ABOUT THIS EXERCISE - The data below is to be written out exactly, with no pictures.

■ ■ ■

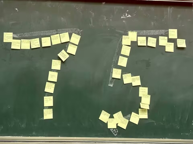 写下祝福表白祖国。积极开展“祝福墙”表白活动,每位员工用便签写下自己对祖国的祝福与未来的憧憬,并依次走上讲台将便签贴在黑板上,最终形成了一个熠熠生辉的巨大“75”字样,象征着祖国光辉的75年历程,表达了全体同学对祖国未来更加繁荣昌盛的美好期盼。
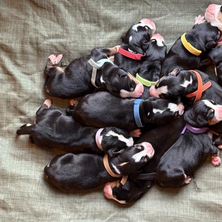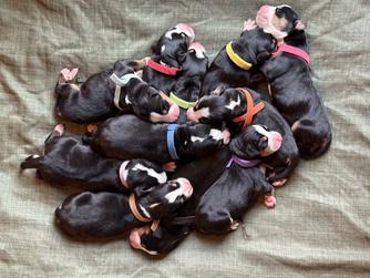 Our puppies are black, white and red. Colors will vary depending on the parent dogs.
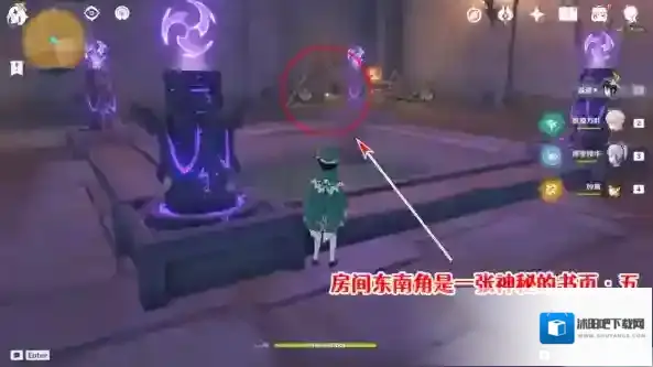 上去以后是一个有4个雷元素方碑的房间,我们到房间有4个元能构装体残骸的墙角,就可以拿到这里的残页5。
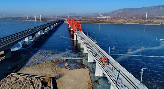 京张高铁官厅水库特大桥铺轨
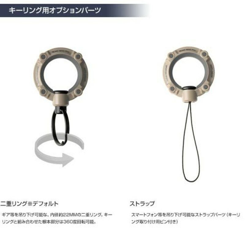 ギア等を吊り下げ可能な、内径約22mmの二重リング。キーリングと組み合わせた根本部分は360度回転可能。
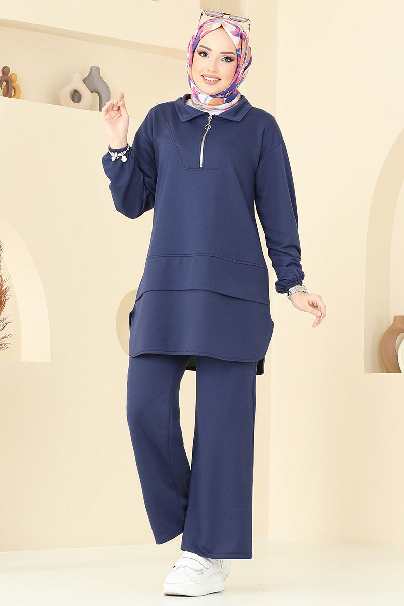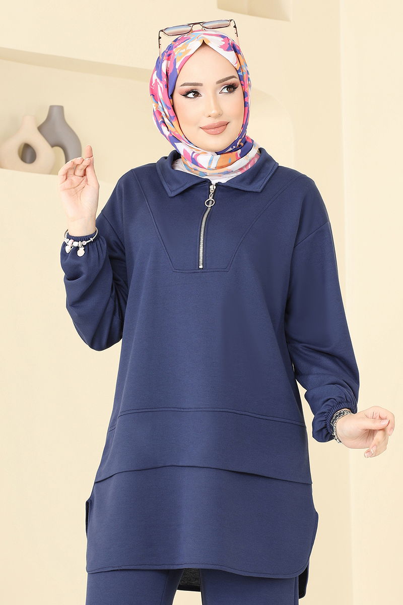 Yarım Fermuarlı İkili Takım modeli, tesettür giyime özel tasarlanmış dört mevsim rahatlıkla kullanabileceğiniz bir üründür. 30 derecede hassas yıkama ile temizlenebilir özelliği, iki iplik kumaş kalitesi ve gömlek yakası ile modern ve şık bir görünüm sunar. Tunik yan yırtmaç detayı ile hareket özgürlüğü sağlarken, pantolonun elastik beli ve manşetleri gün boyu konfor sunar. Fermuar detayı ise stil sahibi bir kullanım sağlar.
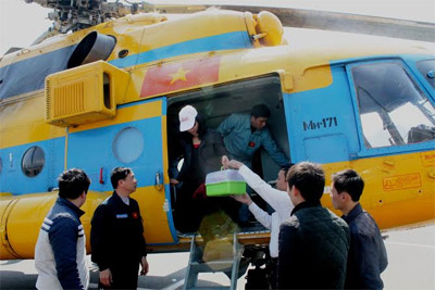 QĐND Online - Thực hiện lệnh của trên, 10 giờ sáng 25-2, Trung đoàn 916 (Sư đoàn 371) đã sử dụng 1 máy bay Mi-172 và 2 máy bay Mi-171 thực hiện nhiệm vụ bay cứu hộ đưa gần 30 cán bộ, bác sĩ, điều dưỡng cùng thiết bị y tế hiện đại của Bệnh viện Bạch Mai và Bệnh viện Việt Đức lên giúp đỡ tỉnh Lai Châu cứu chữa người bị nạn trong vụ sập cầu treo tại bản Chu Va 6, xã Sơn Bình, huyện Tam Đường, tỉnh Lai Châu.

■ ■ ■

TASK RESULT -
 写下祝福表白祖国。积极开展“祝福墙”表白活动,每位员工用便签写下自己对祖国的祝福与未来的憧憬,并依次走上讲台将便签贴在黑板上,最终形成了一个熠熠生辉的巨大“75”字样,象征着祖国光辉的75年历程,表达了全体同学对祖国未来更加繁荣昌盛的美好期盼。
 Our puppies are black, white and red. Colors will vary depending on the parent dogs.
 上去以后是一个有4个雷元素方碑的房间,我们到房间有4个元能构装体残骸的墙角,就可以拿到这里的残页5。
 京张高铁官厅水库特大桥铺轨
 ギア等を吊り下げ可能な、内径約22mmの二重リング。キーリングと組み合わせた根本部分は360度回転可能。
 Yarım Fermuarlı İkili Takım modeli, tesettür giyime özel tasarlanmış dört mevsim rahatlıkla kullanabileceğiniz bir üründür. 30 derecede hassas yıkama ile temizlenebilir özelliği, iki iplik kumaş kalitesi ve gömlek yakası ile modern ve şık bir görünüm sunar. Tunik yan yırtmaç detayı ile hareket özgürlüğü sağlarken, pantolonun elastik beli ve manşetleri gün boyu konfor sunar. Fermuar detayı ise stil sahibi bir kullanım sağlar.
 QĐND Online - Thực hiện lệnh của trên, 10 giờ sáng 25-2, Trung đoàn 916 (Sư đoàn 371) đã sử dụng 1 máy bay Mi-172 và 2 máy bay Mi-171 thực hiện nhiệm vụ bay cứu hộ đưa gần 30 cán bộ, bác sĩ, điều dưỡng cùng thiết bị y tế hiện đại của Bệnh viện Bạch Mai và Bệnh viện Việt Đức lên giúp đỡ tỉnh Lai Châu cứu chữa người bị nạn trong vụ sập cầu treo tại bản Chu Va 6, xã Sơn Bình, huyện Tam Đường, tỉnh Lai Châu.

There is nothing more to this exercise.